### Instructions to follow
From the entries below, write out exactly the lines between the line holding "男性向けラノベタイトル風あだ名 | 『めたりっくという概念が存在しない退屈な世界 』 |" and the line holding "La estación más", inclusive, excluding any pictures.

[Start of Attachment]

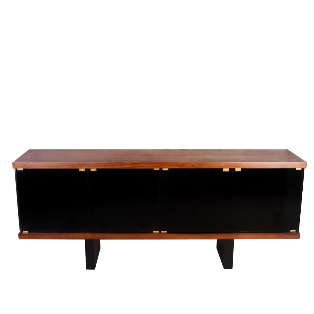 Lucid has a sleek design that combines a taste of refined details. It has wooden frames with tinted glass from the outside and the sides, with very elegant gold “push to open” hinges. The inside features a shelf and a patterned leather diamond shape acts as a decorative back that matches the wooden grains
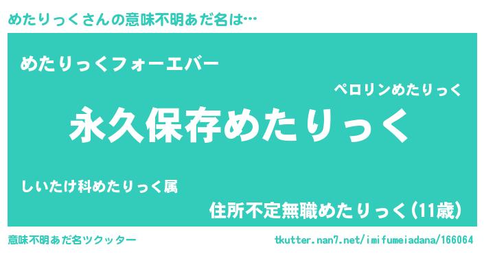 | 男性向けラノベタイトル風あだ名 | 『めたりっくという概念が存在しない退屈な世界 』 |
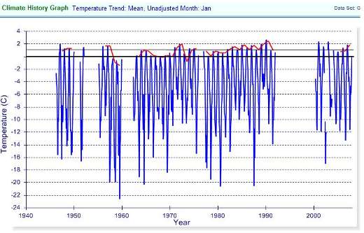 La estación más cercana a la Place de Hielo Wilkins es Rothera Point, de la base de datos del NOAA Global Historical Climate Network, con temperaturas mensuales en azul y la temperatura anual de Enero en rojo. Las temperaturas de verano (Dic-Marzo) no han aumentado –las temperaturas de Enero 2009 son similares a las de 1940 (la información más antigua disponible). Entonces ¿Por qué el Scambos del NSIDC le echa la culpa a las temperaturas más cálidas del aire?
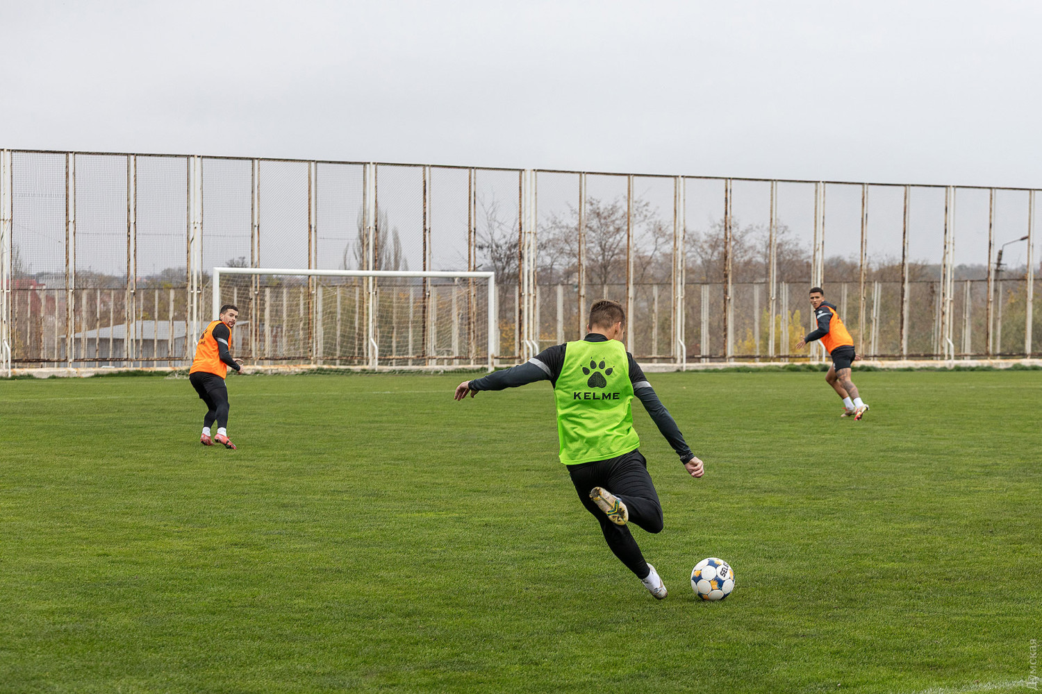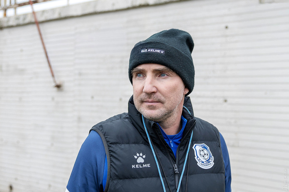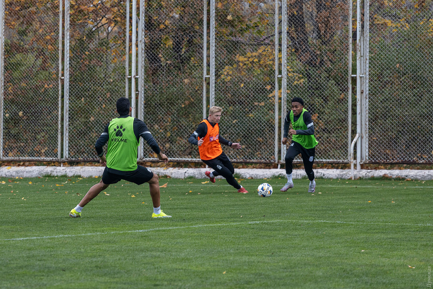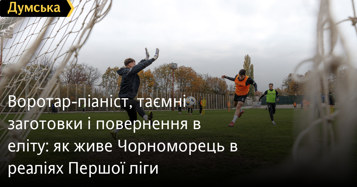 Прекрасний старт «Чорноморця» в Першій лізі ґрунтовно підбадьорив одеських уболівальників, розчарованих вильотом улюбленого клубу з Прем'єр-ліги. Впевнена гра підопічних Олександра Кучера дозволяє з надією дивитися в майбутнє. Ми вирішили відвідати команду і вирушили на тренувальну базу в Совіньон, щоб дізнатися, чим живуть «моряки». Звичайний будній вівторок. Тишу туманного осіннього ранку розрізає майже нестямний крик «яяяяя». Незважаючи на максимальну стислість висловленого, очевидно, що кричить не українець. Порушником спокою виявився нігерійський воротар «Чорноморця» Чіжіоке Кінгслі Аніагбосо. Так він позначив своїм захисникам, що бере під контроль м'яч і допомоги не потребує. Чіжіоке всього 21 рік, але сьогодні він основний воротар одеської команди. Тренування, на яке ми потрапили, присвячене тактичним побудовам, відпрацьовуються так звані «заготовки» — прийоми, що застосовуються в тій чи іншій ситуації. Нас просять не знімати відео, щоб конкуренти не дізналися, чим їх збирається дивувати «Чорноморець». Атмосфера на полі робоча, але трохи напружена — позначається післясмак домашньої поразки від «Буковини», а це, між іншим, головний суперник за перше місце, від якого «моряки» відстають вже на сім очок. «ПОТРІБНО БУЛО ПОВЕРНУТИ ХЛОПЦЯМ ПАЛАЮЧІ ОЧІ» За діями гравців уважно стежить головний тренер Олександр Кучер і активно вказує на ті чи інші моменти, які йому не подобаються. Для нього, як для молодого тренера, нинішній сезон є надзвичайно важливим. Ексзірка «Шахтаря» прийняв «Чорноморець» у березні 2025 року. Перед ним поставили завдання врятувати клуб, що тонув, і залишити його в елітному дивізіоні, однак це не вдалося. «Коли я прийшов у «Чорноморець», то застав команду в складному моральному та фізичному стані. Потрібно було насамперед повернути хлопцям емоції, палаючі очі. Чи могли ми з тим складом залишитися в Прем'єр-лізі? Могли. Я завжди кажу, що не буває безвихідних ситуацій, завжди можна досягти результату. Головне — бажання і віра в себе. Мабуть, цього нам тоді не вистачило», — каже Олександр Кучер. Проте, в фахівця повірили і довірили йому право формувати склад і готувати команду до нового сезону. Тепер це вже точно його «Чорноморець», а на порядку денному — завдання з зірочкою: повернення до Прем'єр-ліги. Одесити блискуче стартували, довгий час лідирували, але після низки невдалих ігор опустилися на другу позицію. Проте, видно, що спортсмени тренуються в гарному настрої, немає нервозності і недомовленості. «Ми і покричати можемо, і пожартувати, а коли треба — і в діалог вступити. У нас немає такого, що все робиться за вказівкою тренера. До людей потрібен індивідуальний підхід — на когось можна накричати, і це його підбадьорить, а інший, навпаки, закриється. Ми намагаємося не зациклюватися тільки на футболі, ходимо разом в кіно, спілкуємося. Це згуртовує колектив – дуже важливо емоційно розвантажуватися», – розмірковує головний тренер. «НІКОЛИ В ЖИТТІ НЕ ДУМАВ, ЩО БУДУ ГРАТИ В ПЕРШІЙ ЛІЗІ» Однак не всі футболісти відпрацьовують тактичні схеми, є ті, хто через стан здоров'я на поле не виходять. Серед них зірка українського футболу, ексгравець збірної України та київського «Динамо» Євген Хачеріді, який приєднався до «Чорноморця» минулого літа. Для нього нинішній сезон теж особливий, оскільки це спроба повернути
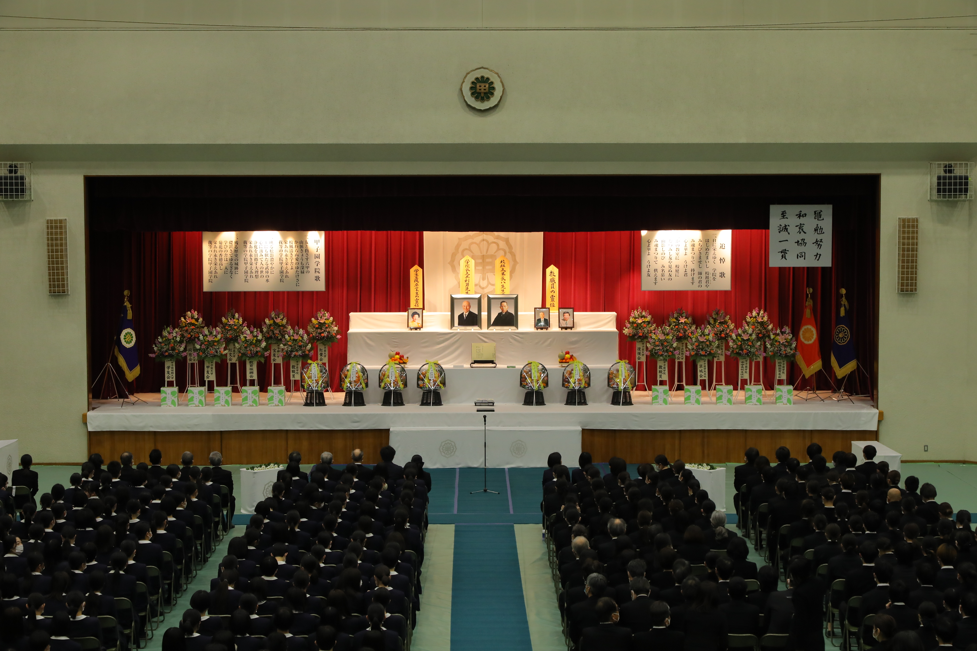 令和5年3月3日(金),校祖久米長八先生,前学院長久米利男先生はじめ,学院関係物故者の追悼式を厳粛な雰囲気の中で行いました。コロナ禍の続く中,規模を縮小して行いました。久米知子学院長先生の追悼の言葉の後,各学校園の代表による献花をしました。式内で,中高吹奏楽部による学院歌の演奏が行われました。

[End of Attachment]

### Reply
 | 男性向けラノベタイトル風あだ名 | 『めたりっくという概念が存在しない退屈な世界 』 |
 La estación más cercana a la Place de Hielo Wilkins es Rothera Point, de la base de datos del NOAA Global Historical Climate Network, con temperaturas mensuales en azul y la temperatura anual de Enero en rojo. Las temperaturas de verano (Dic-Marzo) no han aumentado –las temperaturas de Enero 2009 son similares a las de 1940 (la información más antigua disponible). Entonces ¿Por qué el Scambos del NSIDC le echa la culpa a las temperaturas más cálidas del aire?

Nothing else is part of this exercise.